The repercussions were swift and profound. Production numbers, once a source of pride, became a testament to the industry’s struggles. In FY-2022-23, production plummeted by 55%. The statistics painted a grim picture – a mere 101,984 units rolled out, a stark contrast to the 226,433 assembled in 2021-22. The rupee’s freefall led to exorbitant prices, effectively pricing out a significant portion of the population. Economic tremors, exacerbated by inflation running rampant, discouraged consumers from making significant purchases, leading to a sharp decline in car sales. Once-flourishing car showrooms echoed with the footsteps of a handful of customers rather than the once excited chatter of eager buyers.

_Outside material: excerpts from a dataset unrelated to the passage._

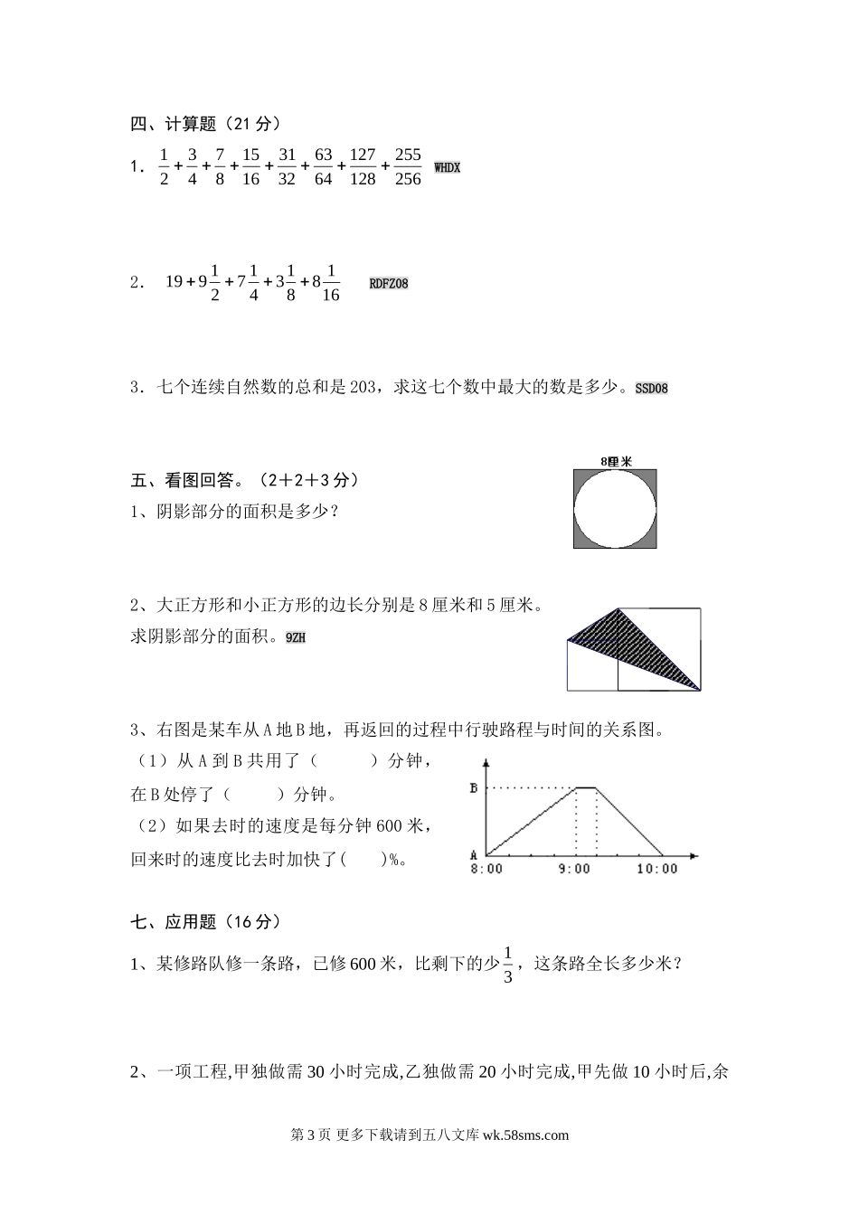 第一部分:基础部分(100分)一、填一填(28分)1、3.2小时=()小时()分54平方米=()平方分米2、把5米长的铁丝平均分成7段,每段是全长的(),每段长()米。3、43=12÷()=()÷12=()%=()折4、比20...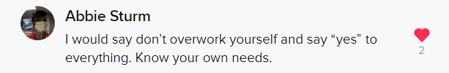 Abbie Sturm tells us: I would say don’t overwork yourself and say “yes” to everything. Know your own needs.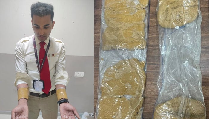 According to Indian media, the accused was arrested on a tip-off, who was hiding gold on his hands under his sleeves.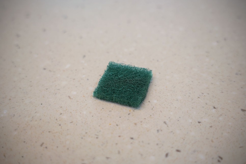 많이 필요 없으니까 그냥 녹색 수세미 한 장을 미리 저렇게 작게 잘라 통에 덜어 놓고 그때마다 하나씩 꺼내 쓴다.
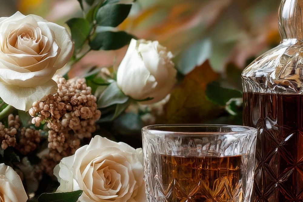 A harmonious duet of fine, petal-white roses and an elegant little glass with golden contents radiates cosiness and style. The soft colours and luxurious shine of the glass lend a warm atmosphere to any room. This work of art is ideal for a living room, where it is an unobtrusive invitation to enjoy and relax.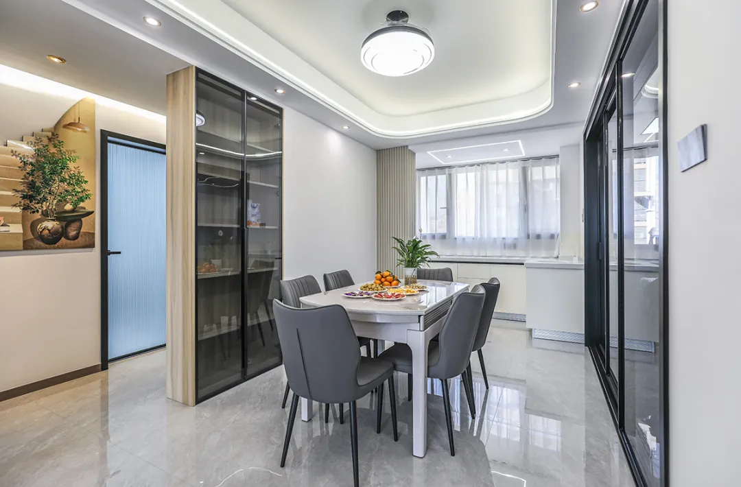 餐廳的設計同樣注重空間的擴展和實用性。我們拆除了墻體和移門,使餐廳空間更加開闊,淺灰色地磚的選用,保持了色彩和造型上的簡潔大氣。

• The Budget 2023-24 disappoints: As the industry reeled, it dared hope for some relief in the upcoming budget. The fear of increased taxation loomed large – Advance Income Tax, Capital Value Tax, Custom Duty on new cars and Withholding Tax based on the invoice price were all subjects of concern. Eventually, the relief given was far from substantial. Vehicles with engine capacities of 2000cc and above bore the brunt of the new policies. A fixed tax regime was introduced, ranging from six percent for engine capacities from 2001cc to 2500cc, eight percent for 2501cc to 3000cc to 10% for engines exceeding 3000cc. The Customs Department assumed the responsibility of evaluating vehicle values, factoring in authentic import values to calculate applicable Customs Duty, Federal Excise Duty (FED), and Sales tax. The aftermath was swift – passenger car prices in these categories skyrocketed, and any aspirations for healthy sales volumes were dashed.
Simultaneously, a flat 35% Customs Duty rate was imposed on specified car components, a move that was met with vehement criticism. The lack of discrimination between critical and non-critical parts irked industry experts who argued for nuanced rates that considered the importance of components – bumpers, spare tyres, suspension and brake components, protective strips, luggage compartments and more. However, the government’s decision, seemingly made in haste, created a ripple effect. Assemblers found themselves caught between rising production costs and a market unable to bear the burden of inflated prices. The consequence was a support industry on the verge of a precipice, grappling with the dilemma of survival amidst adverse economic conditions.
• Signs of Recovery? As 2023 advances, there are a few signs of salvage. Rather, the further slippage is alarming. During July-September 2023, only 16,021 cars have been sold as against 28,571 in an already impacted same period last year – a decline of a further 44%. New investment is all but stifled with manufacturers, such as Toyota, scampering to preserve their current investment of Rs 2.5 billion in the assembly of Pakistan’s first hybrid EV vehicle.
Industry analysts believe that the industry requires more than just temporary relief measures; it requires a comprehensive, well-thought-out strategy. Policymakers must consider the industry’s core needs – accessible financing options, streamlined import regulations and incentives for innovation and technological advancement. A coming together of minds between the government, industry players, and financial institutions is imperative to provide the much-needed stimulus.
In summary, one can only hope that government support, improving economic factors, the resilience of manufacturers and aspirations of the workforce, and the latent demand that still simmers beneath the surface will jumpstart this now sputtering industry.